*WHAT THIS TASK INVOLVES:* Every line in the records below between the one holding "현재 베트남에서 가장" and the one holding "Plakat Abstraktne maastik", inclusive, is to be set down exactly; all other lines are to be left out.

*DATASET EXCERPTS:*
==*==
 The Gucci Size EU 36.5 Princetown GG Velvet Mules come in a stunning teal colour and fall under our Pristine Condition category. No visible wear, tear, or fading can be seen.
==*==
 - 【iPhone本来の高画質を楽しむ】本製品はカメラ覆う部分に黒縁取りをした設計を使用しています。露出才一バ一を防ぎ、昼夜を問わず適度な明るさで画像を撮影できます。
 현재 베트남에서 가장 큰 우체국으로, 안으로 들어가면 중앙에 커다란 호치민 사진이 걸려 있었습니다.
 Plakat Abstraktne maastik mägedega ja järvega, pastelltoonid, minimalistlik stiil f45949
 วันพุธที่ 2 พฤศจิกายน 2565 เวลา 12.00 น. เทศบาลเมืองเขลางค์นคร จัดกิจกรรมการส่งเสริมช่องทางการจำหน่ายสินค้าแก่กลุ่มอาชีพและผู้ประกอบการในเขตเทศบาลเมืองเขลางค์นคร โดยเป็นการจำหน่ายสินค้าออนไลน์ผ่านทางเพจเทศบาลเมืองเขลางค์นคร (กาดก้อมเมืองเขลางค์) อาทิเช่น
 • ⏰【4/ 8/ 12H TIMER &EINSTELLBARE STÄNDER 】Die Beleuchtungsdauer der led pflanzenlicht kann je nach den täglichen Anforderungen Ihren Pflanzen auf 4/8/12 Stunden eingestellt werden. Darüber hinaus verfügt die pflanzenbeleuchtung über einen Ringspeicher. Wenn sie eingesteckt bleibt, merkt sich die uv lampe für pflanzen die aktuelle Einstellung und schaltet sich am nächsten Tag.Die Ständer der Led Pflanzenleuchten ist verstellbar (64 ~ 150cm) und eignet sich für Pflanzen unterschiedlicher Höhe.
==*==
*RESULT OF THE EXERCISE:*
 현재 베트남에서 가장 큰 우체국으로, 안으로 들어가면 중앙에 커다란 호치민 사진이 걸려 있었습니다.
 Plakat Abstraktne maastik mägedega ja järvega, pastelltoonid, minimalistlik stiil f45949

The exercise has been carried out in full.